Background

A limited number of studies have evaluated associations between e-cigarette use (vaping) and various health outcomes. Most studies thus far have been cross-sectional due to the novelty of e-cigarettes, and many have focused exclusively on e-cigarette users who have never smoked [1,2,3,4,5,6]. Since some youth have taken up vaping [7,8,9], it is important to evaluate potential absolute health risk associated with vaping among e-cigarette users who have never smoked tobacco cigarettes. However, since the vast majority of adult e-cigarette users are former smokers [10,11,12,13], it is important to consider e-cigarette use in the context of smoking (i.e., relative harm) [14, 15].

Numerous in vitro and in vivo laboratory studies have investigated relative harm of e-cigarettes compared to combustible cigarettes. Overall, laboratory studies have demonstrated that aerosols emitted from e-cigarettes contain fewer amounts and lower concentrations of toxicants than combustible cigarettes [16,17,18,19]. In vitro studies and in vivo animal models also suggest lower toxicity of e-cigarette compared to combustible cigarettes [20,21,22,23,24,25,26]. While laboratory studies provide important insights into relative toxicity of e-cigarettes compared to combustible cigarettes, human studies provide further evidence of how the reduced toxicity of e-cigarettes correlates with a potential reduction of health risk among smokers who transitioned from smoking to vaping.
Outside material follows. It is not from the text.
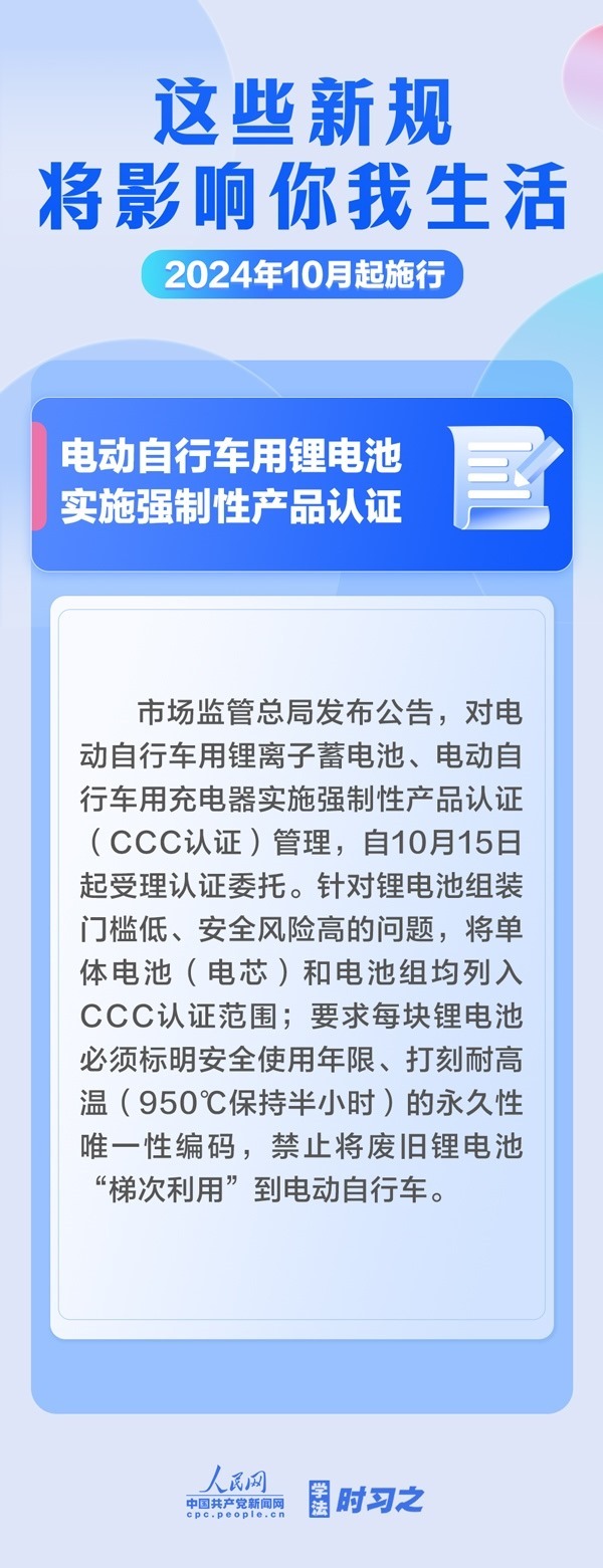 增加軍人撫恤優(yōu)待措施;全鏈條規(guī)范養(yǎng)老機(jī)構(gòu)收費(fèi)行為;電動(dòng)自行車用鋰電池實(shí)施強(qiáng)制性產(chǎn)品認(rèn)證……10月起,這些新規(guī)施行,將影響你我生活。

Although cross-sectional and longitudinal studies have shown that exposure to selected toxicants in exclusive e-cigarette users is substantially lower as compared to exclusive cigarette smokers [27,28,29,30], those studies are not suited to directly evaluate potential reduction in health risk among smokers who transitioned to e-cigarettes.
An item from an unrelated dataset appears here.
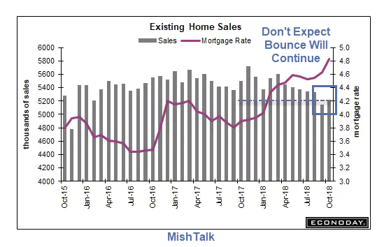 Your chart shows that in the last 2 years mortgage rates have risen from 3.5% to 4.85%. Have homes that were $400,000 in October of 2016 fallen to $340,000? They would have had to fall that much to keep the payment the same. It is inevitable that if sales prices don’t fall, sales volume will.

Randomized controlled trials (RCTs) assessing clinically relevant health outcomes among smokers who switched to e-cigarettes compared to smokers who continue to smoke likely offer the most comprehensive evaluation of the harm reduction potential of vaping. Indeed, some of the strongest evidence regarding relative cardiovascular health effects of vaping has come from the VESUVIUS Trial, an RCT conducted between 2016 and 2018 that observed improvements to vascular health over a one-month period among participants who switched from smoking to vaping [31]. However, such RCTs require considerable resources and extensive time, as many relevant clinical outcomes manifest over relatively long periods of time (often several years). In the absence of considerable evidence from RCTs, large population-based observational studies can offer meaningful information about relative health risk of vaping compared to smoking. Epidemiological cross-sectional studies that compare the odds of health outcomes among former smokers who switched to e-cigarettes versus those who continue to smoke may provide a crude estimation of harm reduction potential of vaping. Although several cross-sectional studies have been published, those studies have not been systematically reviewed, critically evaluated, and their outcomes have not been summarized. As such, we aimed to conduct a systematic literature review of epidemiological studies that have estimated the odds of key respiratory and cardiovascular outcomes among e-cigarette users who formerly smoked tobacco cigarettes compared with current cigarette smokers who do not use e-cigarettes.

Methods

Data sources and search strategy

The Preferred Reporting Items for Systematic reviews and Meta-Analyses (PRISMA) protocol was used to guide the design of this systematic review [32]. On September 17, 2020, we completed literature searches of MEDLINE’s PubMed (1946 to present) and EMBASE (1974 to present). The searches included text words to capture concepts associated with e-cigarettes, respiratory outcomes, and cardiovascular outcomes published from database inception to the date of search. We chose not to include any terms limiting participant age, language, study design, or year of publication in the search strategy, to minimize unintentional exclusions. Title/abstract search fields were used for each search. Full details of the search strategy are provided in Additional file 1 (Table S1. Summary of Search Results; Table S2. Details of the PubMed run (conducted September 17th, 2020); Table S3. Details of the Embase run (conducted September 17th, 2020); Figure S1. Screenshot depicting the Embase run (conducted September 17th, 2020).

Study selection criteria

We included studies that modeled smoking and vaping as a composite variable, providing direct estimates of prevalence odds ratios (ORs) for specified health outcomes among former smokers currently using e-cigarettes compared to current smokers not using e-cigarettes (current exclusive smokers). We also included studies that modeled smoking and vaping as independent factors (i.e., current smoker vs. never smoker, current vaper vs. never vaper). For these, we calculated ORs for former smokers who switched to e-cigarettes compared to current smokers, assuming independent associations of smoking and e-cigarette use with each health outcome. Details regarding calculations are provided in Additional file 1 (Appendix 1. Calculation of Odds Ratios (ORs) for Composite Smoking and Vaping Variables; Appendix 2. Calculation of Odds Ratios (ORs) for Separate Smoking and Vaping Variable). Cross-sectional and longitudinal studies were included in the review.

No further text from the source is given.